Work instruction
Nothing but the lines below from the one with "Gestartet wurde auf" through the one with "Speaking of the" should be output, each exactly as given, and no pictures.

─── Dataset entries ───

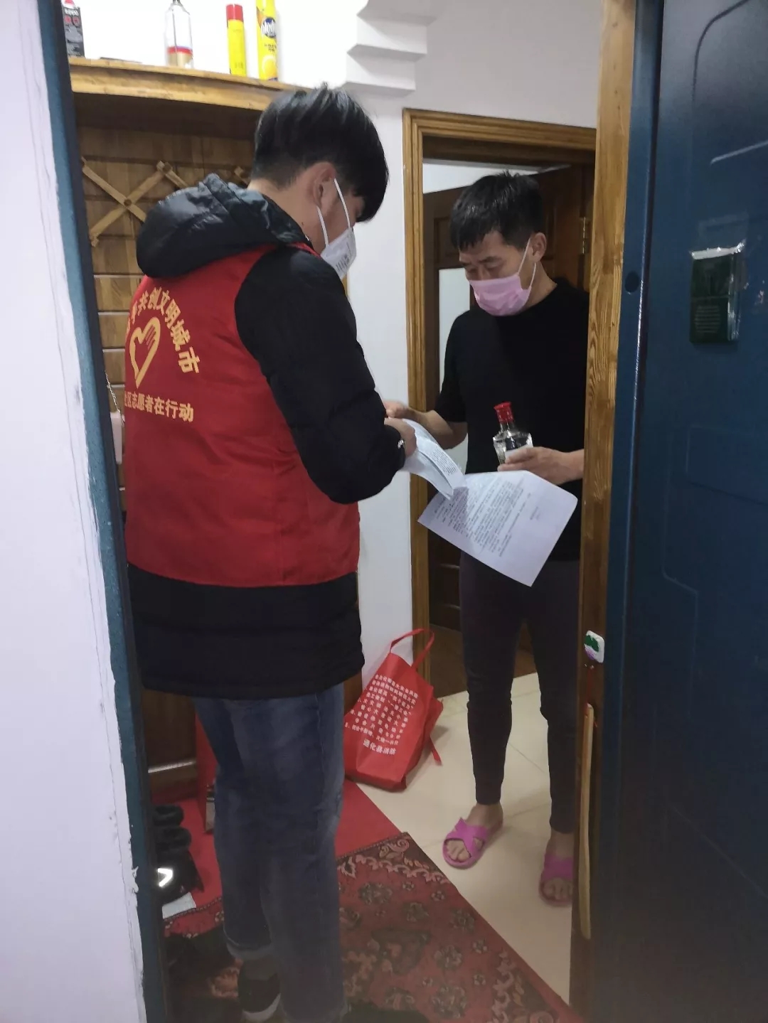 个人宣言:我深知自己应该积极承担社会责任。在这个没有硝烟的战场上,我不能像医护人员一样奋战在治病救人的第一线,但我可以奉献自己的力量,在村镇防疫战中冲在第一线。
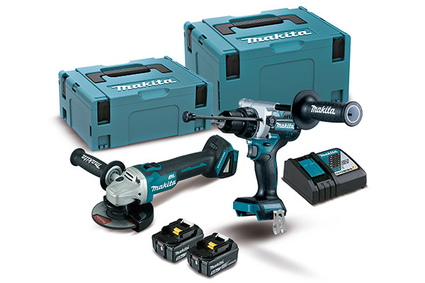 Una gama completa de dos máquinas para uso profesional. El kit incluye taladro combinado sin escobillas DHP492 y miniamoladora angular DGA504. Dos baterías de 5,0 Ah y cargador rápido en maletines Makpac.
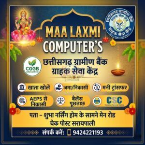 सरायपाली: शहर के निवासियों और आस-पास के ग्रामीणों के लिए डिजिटल सेवाओं और बैंकिंग कार्यों को आसान बनाने के उद्देश्य से ‘माँ लक्ष्मी कंप्यूटर्स’ (छत्तीसगढ़...
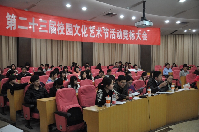 为促进我院第二十三届校园文化艺术节活动的深入开展,充分挖掘各院系团总支、团支部、各级学生组织的潜力,4月9日晚,团委在草场门校区报告厅举行了院第二十三届校园文化艺术节活动竞标大会。
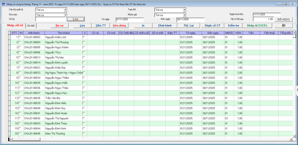 Danh mục khách hàng công tơ điện
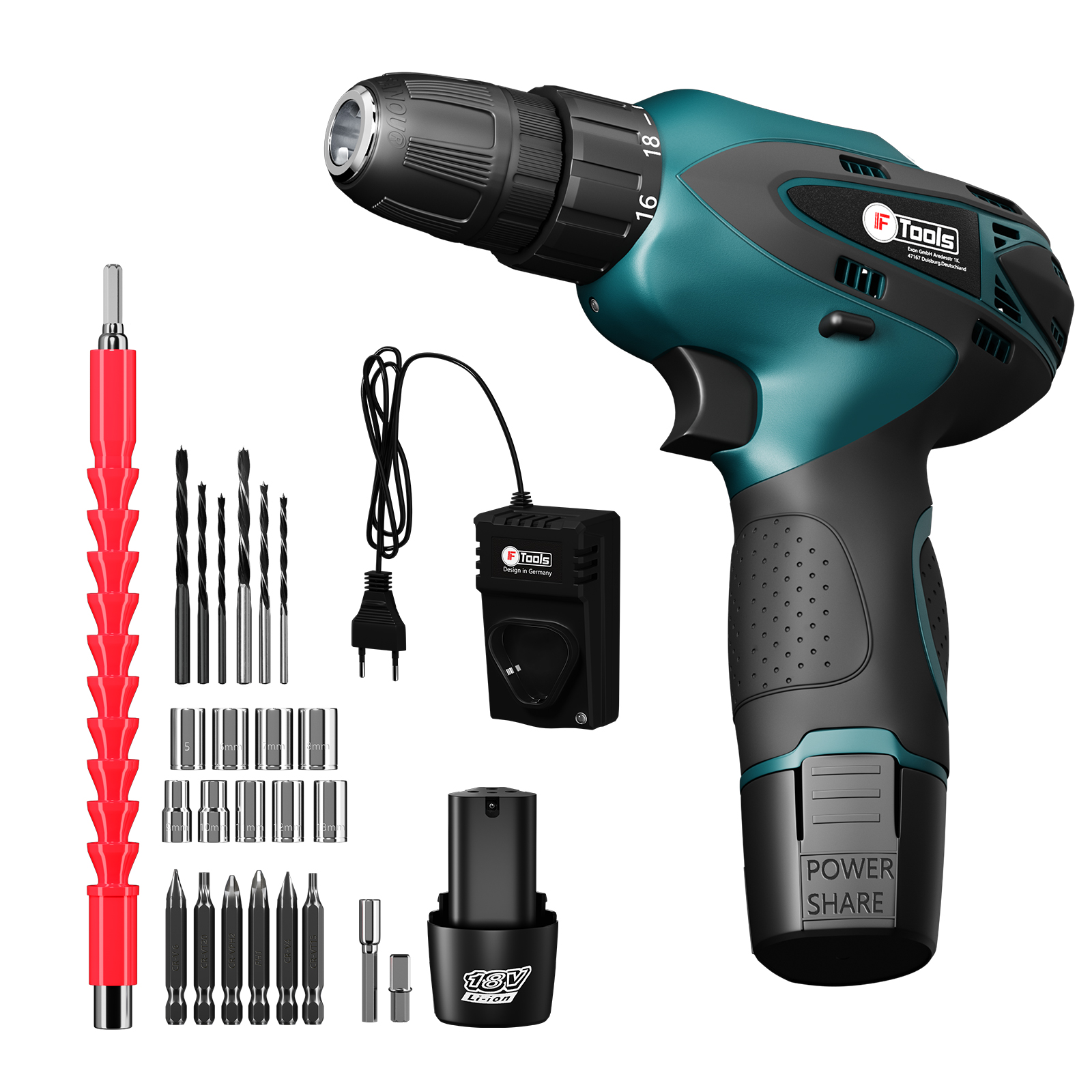 Das 12-V-Bohrerset von IF Tools verfügt über 18 verschiedene Drehmomenteinstellungen, um das Ein- und Ausdrehen der Antriebsschraube präzise zu steuern und gleichzeitig ein versehentliches Lösen zu verhindern 0-1350 U/min) und ein elektrisch einstellbares Drehmomentschraubendrehersystem zum Eintreiben und Entfernen verschiedener Befestigungselemente.
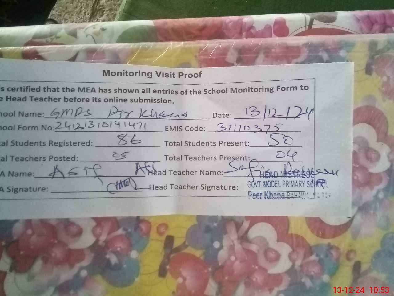 | EMIS Code: 31110375 | Name of School: GMPS PIR KHANA | |||
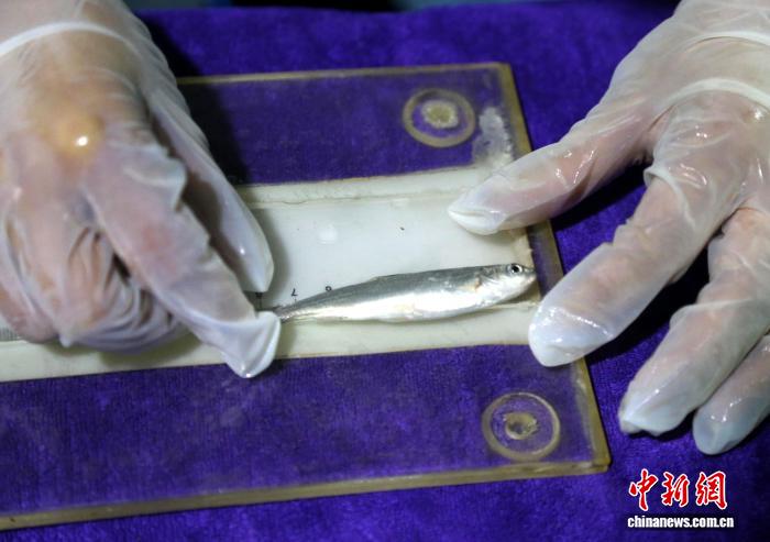 4月14日,青海西宁,青海湖裸鲤救护重心任务职员正正在抽样丈量养殖的裸鲤。中新社记者 弛忠苹 摄
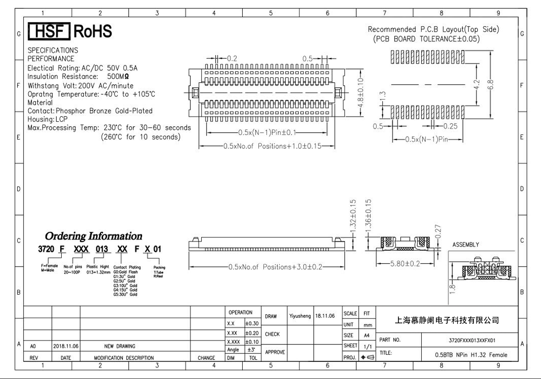 插针材料:黄铜或磷青铜;绝缘体材料:塑胶UL94V-0。
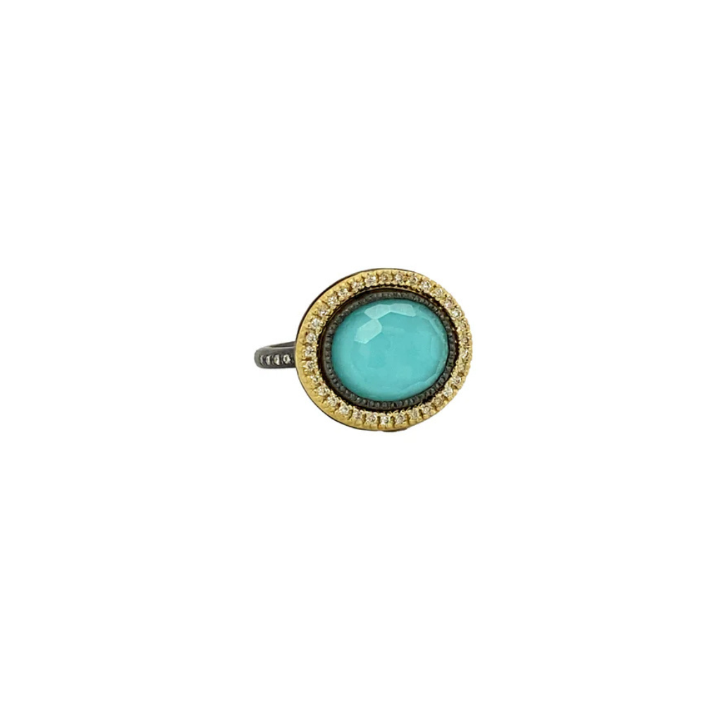 18K Yellow Gold and Blackened Sterling Silver Oval, Natural Turquoise Doublet with Champagne Diamond Halo. (0.27 TCW).
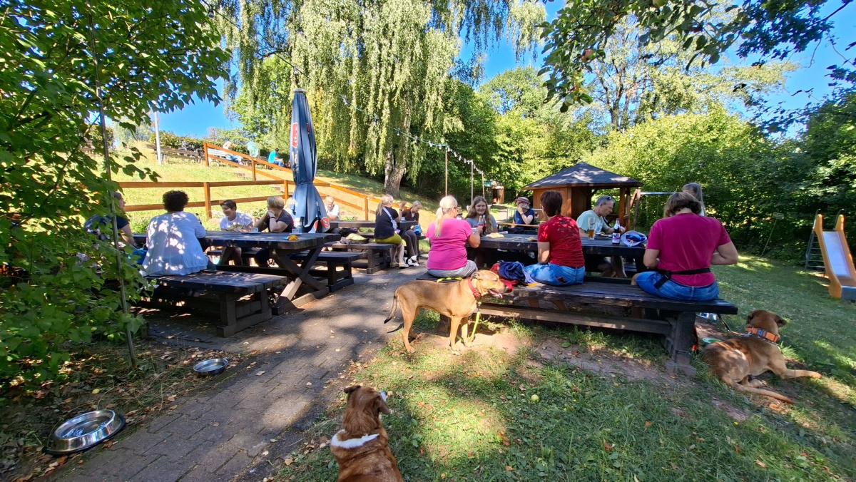 Gestartet wurde auf dem Festplatz in Gondsroth, von dem aus wir mit 18 Hunden und 25 Personen hinauf zur Edelweißhütte spazierten.
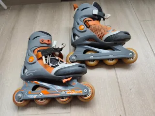 Se venden patines en línea de la marca Decathlon, ideales para iniciarse en el patinaje. - Color gris y naranja. - Cierre con velcro y hebilla. - Ruedas de poliuretano.
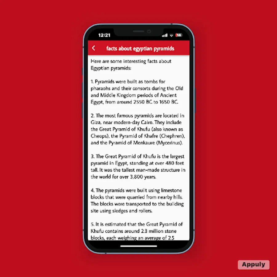 Speaking of the pyramids, our app is packed with facts about egyptian pyramids - from their construction to their purpose.
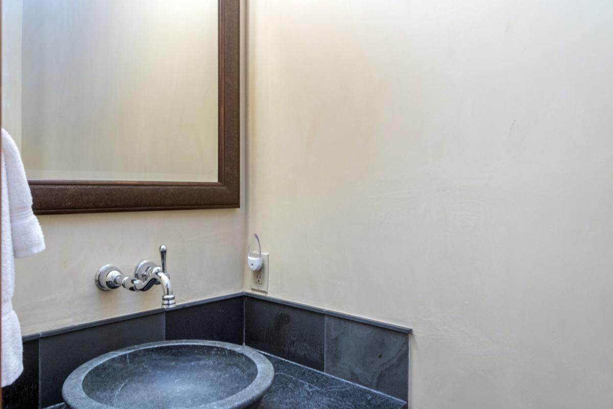 Following the stairway down past the main entrance onto the ground floor, where guests will find the entertainment den, decked out with a leather couch and chair surrounding a large flat screen TV with DVD player. A side entrance is found here with a bench and additional seating just inside with cubbies and ski racks, opportune for storing gear after a day of skiing. Just next to the media room is an extra-large washer and dryer and utility sink in the home’s laundry room. Finally, the last two guest rooms can be found on this lowest level as well. Both fully carpeted with high ceilings, flat screen TVs, custom built-ins and windowed doors leading onto the deck with access to the home’s private hot tub. The first guest room is home to a captain’s bunk with a full size bed on bottom, twin on top and twin trundle bed underneath, as well as an en-suite bathroom with glass shower and waterfall shower head. The other is a split king guest room with en-suite bathroom boasting a shower tub combination and dual vanity sinks.
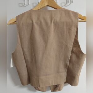 Elevate your style with this chic tan sleeveless vest. Perfect for layering and adding a touch of sophistication to any outfit.
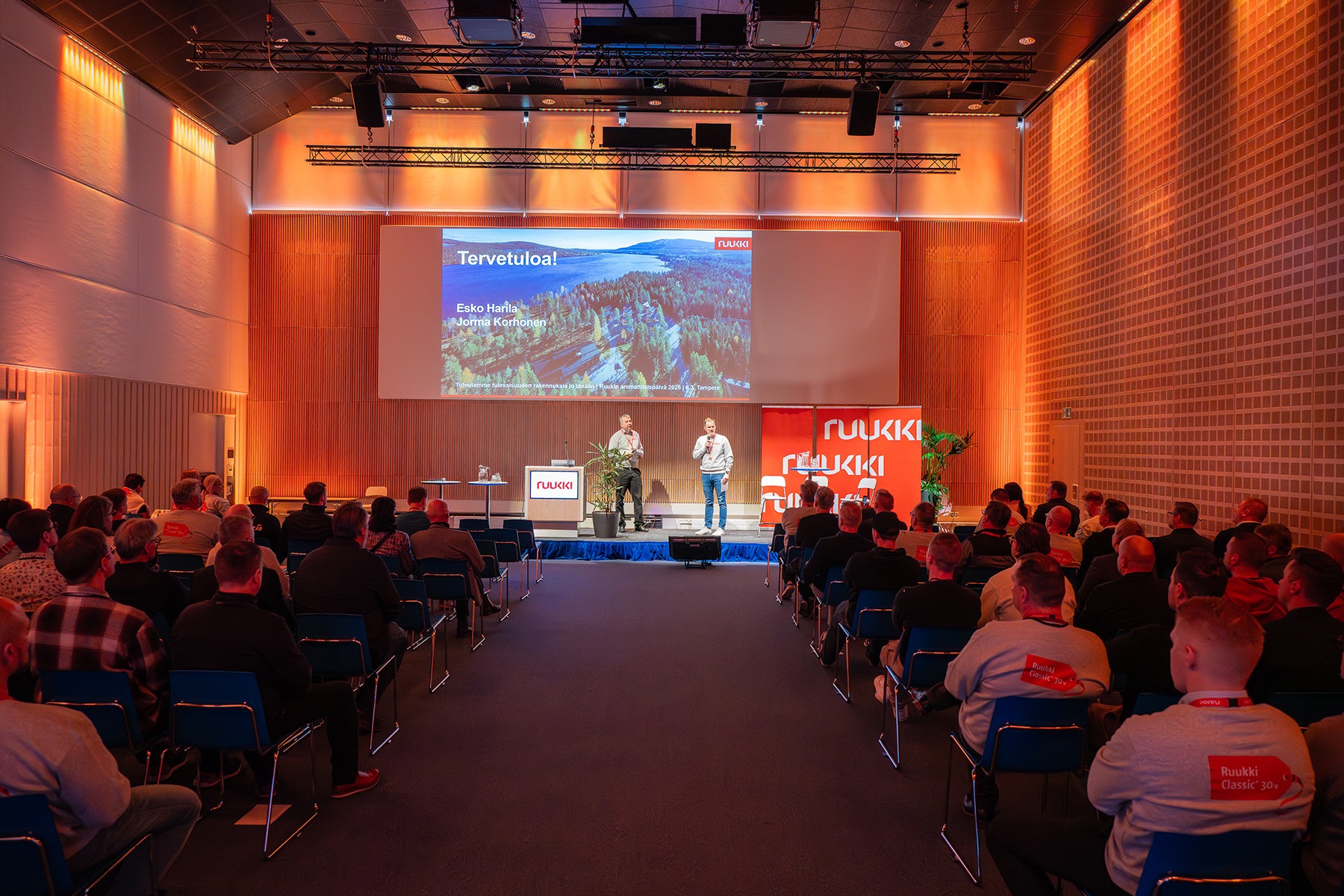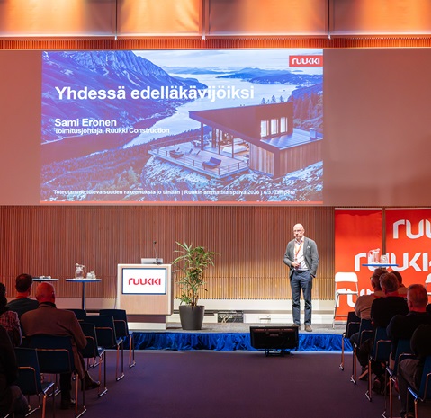 Tampere Hall filled up already in the morning with a record number of cheerful guests – customers, partners and Ruukki employees. Before lunch, the program focused particularly on future prospects. In his presentation, CEO Sami Eronen reviewed Ruukki’s strengths as a partner and the expected growth of the market. Aki Kangasharju, Managing Director of the Research Institute of the Finnish Economy (ETLA), focused in his presentation on analyzing the economic situation and the role of construction within it.

───

Response box
 Gestartet wurde auf dem Festplatz in Gondsroth, von dem aus wir mit 18 Hunden und 25 Personen hinauf zur Edelweißhütte spazierten.
 Se venden patines en línea de la marca Decathlon, ideales para iniciarse en el patinaje. - Color gris y naranja. - Cierre con velcro y hebilla. - Ruedas de poliuretano.
 Speaking of the pyramids, our app is packed with facts about egyptian pyramids - from their construction to their purpose.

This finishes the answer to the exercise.